Work request: Set out exactly, line by line, the stretch of data below that begins at the line containing "Çizgili desene sahip, önü" and ends at the line containing "12月23日晚,伟德国际19", with both ends kept.

----- Task material

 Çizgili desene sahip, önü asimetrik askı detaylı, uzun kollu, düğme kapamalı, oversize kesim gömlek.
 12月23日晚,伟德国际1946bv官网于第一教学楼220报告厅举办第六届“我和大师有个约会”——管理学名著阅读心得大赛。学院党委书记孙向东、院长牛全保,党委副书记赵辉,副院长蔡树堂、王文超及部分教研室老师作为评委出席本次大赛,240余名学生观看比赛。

----------
----- Task material

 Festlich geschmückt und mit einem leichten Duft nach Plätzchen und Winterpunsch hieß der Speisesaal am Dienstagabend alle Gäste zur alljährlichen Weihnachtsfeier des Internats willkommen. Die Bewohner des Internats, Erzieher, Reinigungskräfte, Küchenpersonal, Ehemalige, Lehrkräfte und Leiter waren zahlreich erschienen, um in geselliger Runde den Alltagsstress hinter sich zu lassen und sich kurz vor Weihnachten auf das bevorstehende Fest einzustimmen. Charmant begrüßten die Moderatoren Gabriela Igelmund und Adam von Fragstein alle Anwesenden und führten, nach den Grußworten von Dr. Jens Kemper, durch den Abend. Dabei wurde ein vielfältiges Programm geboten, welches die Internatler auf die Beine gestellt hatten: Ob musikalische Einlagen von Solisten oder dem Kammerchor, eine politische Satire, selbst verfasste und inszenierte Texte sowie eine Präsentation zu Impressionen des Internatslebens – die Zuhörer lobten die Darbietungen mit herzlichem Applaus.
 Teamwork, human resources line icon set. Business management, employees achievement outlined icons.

----------
----- Task material

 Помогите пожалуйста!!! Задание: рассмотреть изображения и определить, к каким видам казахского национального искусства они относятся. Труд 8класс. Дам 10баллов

----------

Exercise result:
 Çizgili desene sahip, önü asimetrik askı detaylı, uzun kollu, düğme kapamalı, oversize kesim gömlek.
 12月23日晚,伟德国际1946bv官网于第一教学楼220报告厅举办第六届“我和大师有个约会”——管理学名著阅读心得大赛。学院党委书记孙向东、院长牛全保,党委副书记赵辉,副院长蔡树堂、王文超及部分教研室老师作为评委出席本次大赛,240余名学生观看比赛。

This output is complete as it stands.